Consider the new shared economy, with Air BnB and Uber as two successful examples. Empty space and unused time for an expensive purchase like a house or car is financially wasteful. Zipcar is the major company betting on quick and easy car rentals taking off.
EVs offer an even more unusual financial possibility; selling electricity back to the grid. This would pair well with more renewable energy (often a fluctuating supply), as mentioned previously.
“As we’re having more electric vehicles, we’re having basically a lot more powerful batteries that are plugged into the grid, generally overnight. And so what some people who are kind of like futurists are thinking about is essentially, like, one of the challenges of implementing large scale renewable energy is energy storage,” Brutz said.
But while this may sound radically new, it is very much in the spirit of the American dream. By buying this status symbol and tool of freedom, you open up the possibility of managing a one-person business.

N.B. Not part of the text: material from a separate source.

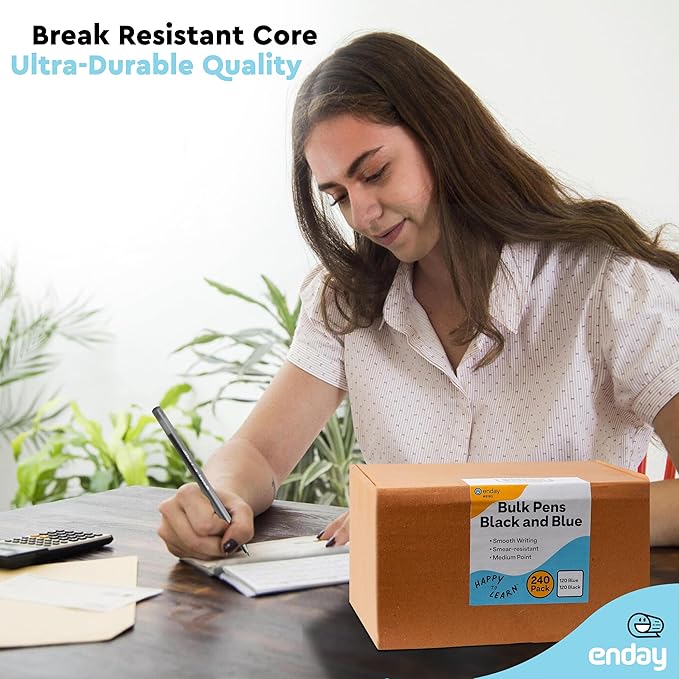 Enday Ballpoint Pens Bulk Blue and Black Pens (240 Pack) 120 Black & 120 Blue - Medium Point (1.0mm) Flexible Round Barrel For Writing Comfort, Pens Bulk for School, Home and Office.

When you rent a car, you will have freedom at your fingertips without the long-term burden. When you rent a car to others, you will be making the most of your once unused time to generate profit. When selling energy back to the grid, you would even have the choice of when and how it is sold. In this future, you are consumer and boss. What could be more American dreamy?
“It’s not necessarily a gigantic cultural shift,” Brutz said.
Sometimes it’s as UNC-Charlotte having maintenance workers give up pick-up trucks for golf cart-like GEMs (global electric motorcars).
“That’s the sort of cultural shift I’m seeing [here]. People saying, Okay, it’s okay for me to not have a regular vehicle that’s just mine. I’m going to use this other one on a relevant basis,” Brutz said.
Though it may take decades to get old cars off the road, and subsidies and PR to incentivize individual buyers, EVs are coming. Consumers and automobile aficionados should not mourn the passing of the old American car, however. In many ways, EVs improve and complete the concept of the car as a tool of freedom, status, and self-expression.
And if you still don’t like EVs, ride-sharing, or autonomous cars? You don’t have to buy them. It’s your choice, but that choice is made from increasing options. And that’s the American way.